Edit Column: Split, Join, Add column based on this column, and Add column by fetching URLs.

Any of these options should prompt the Expressions Editor window as shown below:

In the Expressions Editor window, you can choose from several supported languages. By default, it uses GREL (General Refine Expression Language), OpenRefine also supports Clojure and Jython, these lasts represent Lisp and Python implementations for Java, which makes sense considering OpenRefine is java-based application.

Additional expression languages may be available through extensions. While these languages differ in syntax, they support many of the same variables and functions. For example, the GREL expression value.split(" ")[1] is written in Jython as return value.split(" ")[1]. But they may also look a lot more different. For example, the GREL function toUppercase(value) would be expressed in Clojure as (clojure.string/upper-case value).

We’ll now look at some practical examples that are relevant to our sample dataset. These will give you a sense of what’s possible—but since there’s so much more you can do, we encourage you to explore further using the Recipe for more detailed information and hands-on examples. It’s a great resource to help you experiment further at your own pace.

Custom Data Transforms with GREL

Let’s start by focusing on the imdb_score and tmdb_score columns. These columns contain floating-point numbers, right? To confirm, we can run a text facet to eyeball those values. As we examine the values, we’ll notice that tmdb scores don’t follow the one decimal format as the imdb. in the number of decimal places. You might be thinking, “This would be such an easy fix in Excel—there’s literally a button for it on the toolbar. Why bother using OpenRefine for that?”

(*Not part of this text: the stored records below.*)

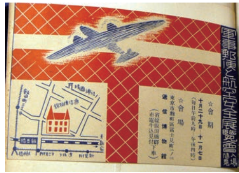
図2-2 「軍事郵便と航空安全展覧会」案内状（裏）

当時の国立博物館の代表的な存在といえる東京帝室博物館（現在の東京国立博物館）と東京科学博物館（現在の国立科学博物館）の来館者数とも比較してみよう。東京帝室博物館は、
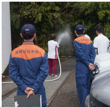
◆ 消火栓を使った消火訓練の様子
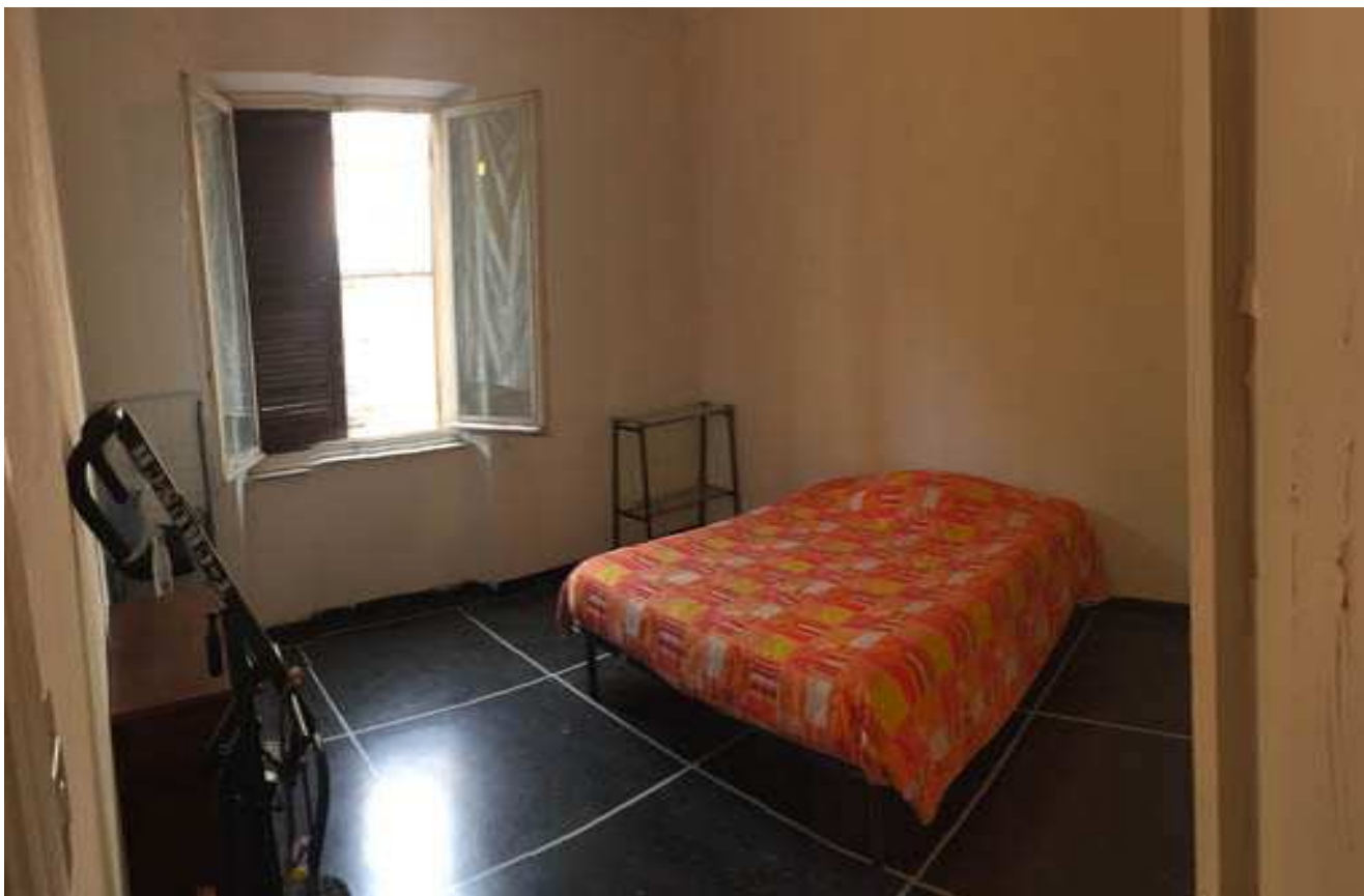
11 – CAMERA SUD
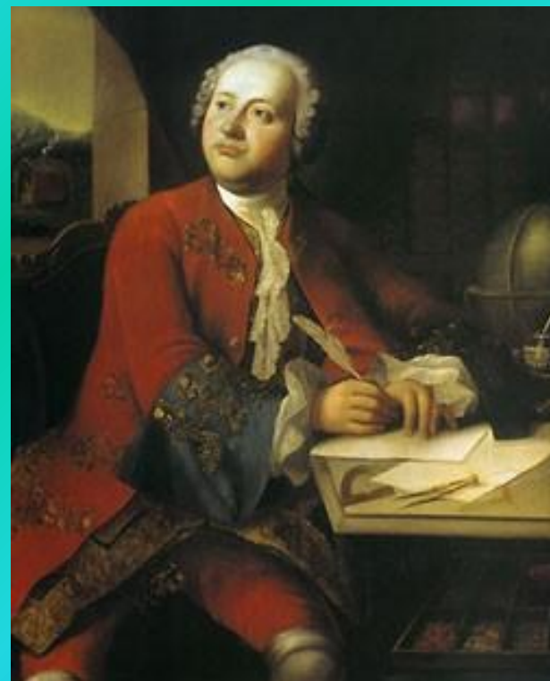
Вортман, Христиан-Альберт. Портрет М.В. Ломоносова. Не позднее 1784 г. ГИМ

считал, что эти буквы «прячут» два звука: [й'] и последующий гласный. Он назвал их «потаёнными».
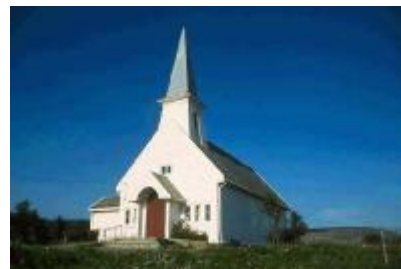
Vestre Jakobselv kapell
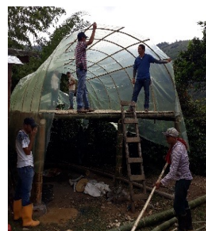
Rötningskammare, vedspis och tält installerade.

Samarbetet innebär bl.a. att tre mindre rötningskammare för behandling av organiskt material har installerats. Rötningskamrarna producerar biogas som används för bränsle och rötrest som används som gödsel. Serraniagua har tecknat ett samarbetsavtal med Tolimas universitet som innebär att universitetet installerar anläggningarna. Ett växthus har också installerats för att kunna soltorka kaffet. Det har även installerats två effektiva vedspisar som förbättrar kvinnornas livsvillkor eftersom det effektiviserar både ved och bränsle vid användning.
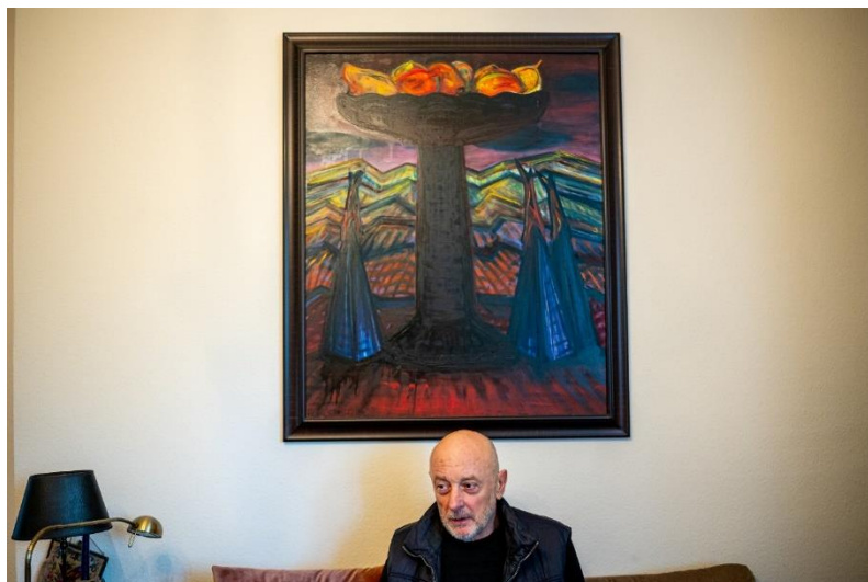
MOHOS MÁRTON / 24.HU

Ezzel ön is azt állítja, hogy Ukrajnában „proxy-háború” zajlik?
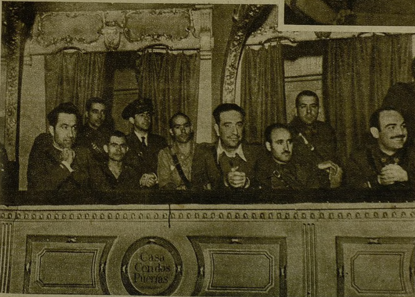
El festival en honor de la Sanidad Militar ha constituido un acierto y un franco éxito, tanto desde el punto de vista de la concurrencia lograda, como por el espíritu de aliento y adhesión de dicho acto a la labor de los sanitarios. En la foto, el mando de la Brigada presenciando desde un palco el espectáculo
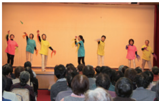
趣向を凝らしたステージも好評でした
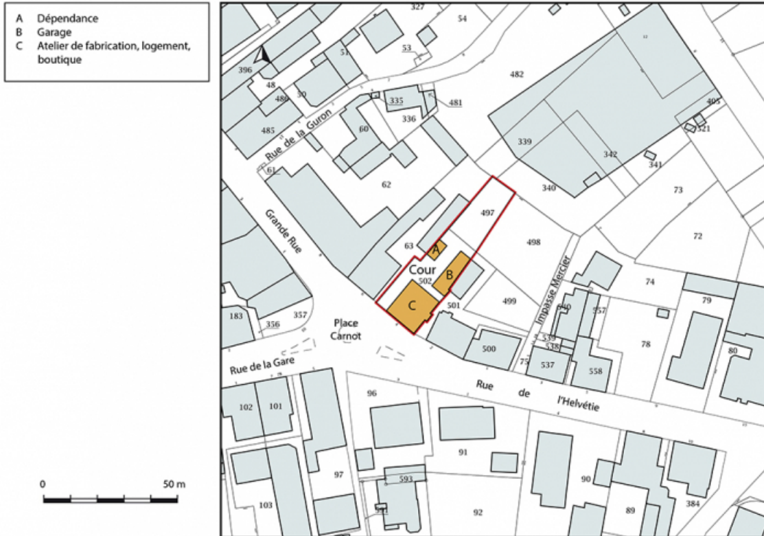
Plan-masse et de situation. Extrait du plan cadastral, 2018, section AA, 1/1 000. 25, Morteau, 4 place Carnot
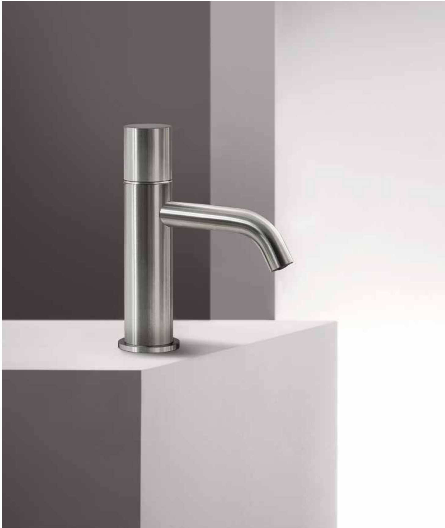
93 G904WF [ STAINLESS STEEL ]
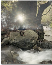
Shankara Serie California Tamaño 60 x 75 cm. Impresión realizada con tintas pigmentadas Epson Ultrachrome HDR sobre papel CANSON Platine Fibre Rag
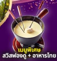
เมนูพิเศษ สวิสฟองดู + อาหารไทย

เมืองมอเทอโร ปราสาทซิลยอง เวเวย์ รูปปั้นชาร์ลี แชปลิน อินเตอร์ลาเคน ลูเซิร์น สะพานไม้ชาเปล สิงโตสะอัน น้ำตกโรนน์ หมู่บ้านอิเซลทวอลด์ ทะเลสาบเบรียนซ์ ซูริก
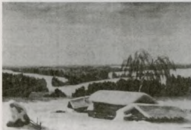
Художник Г. Токаев "Зимка".

В нашей любви к Пушкину – не только восхищение его поэзией, но и через его поэзию прикосновение к судьбе и тайне русской духовности, к тем чертам национального бытия, которые не всегда словом и выразишь. Мы понимаем и принимаем пушкинский поэтический мир не логически, все рассу-
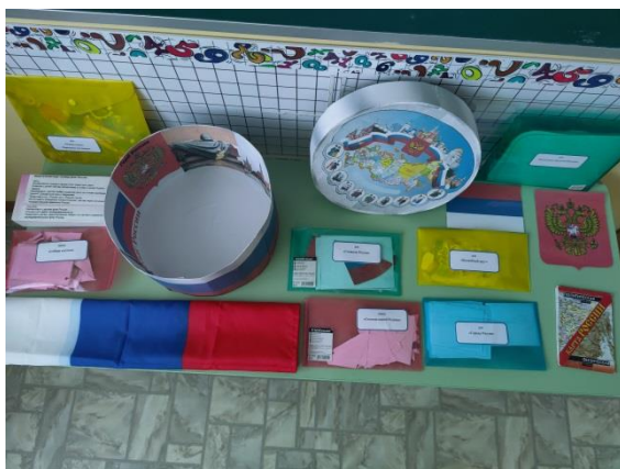
Моя Родина- Россия
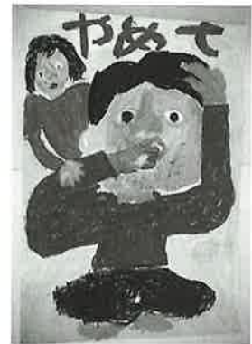
▲優秀賞受賞ポスター
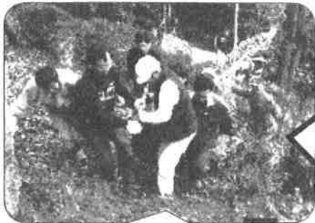
最後は人力で運び
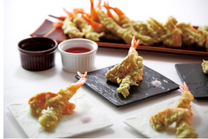
海老と筍の磯辺揚げ 桜塩とお好みの2種のソースにて

That’s a fair point—Excel does make it easy to change how numbers look by formatting decimal places. But here’s the catch: Excel typically changes the display of the number, not the actual underlying value. So a number like 7.456 may appear as 7.5, but it’s still stored as 7.456, which can cause inconsistencies in downstream processes like sorting, filtering, or exporting.

OpenRefine, on the other hand, lets you transform the actual data. You can standardize the number of decimal places across all values using expressions in GREL. That way, you’re not just changing how the data looks—you’re ensuring consistency at the data level, which is critical for clean, reliable datasets.

Also, OpenRefine is designed for handling large datasets with repeatable, auditable transformations. So once you clean up one column, you can apply the same steps to others, or even to other projects. That’s something Excel just isn’t built for.

Adjusting Decimal Points

In order to adjust tmdb scores values, we will need to use an expression. Can you guess which one?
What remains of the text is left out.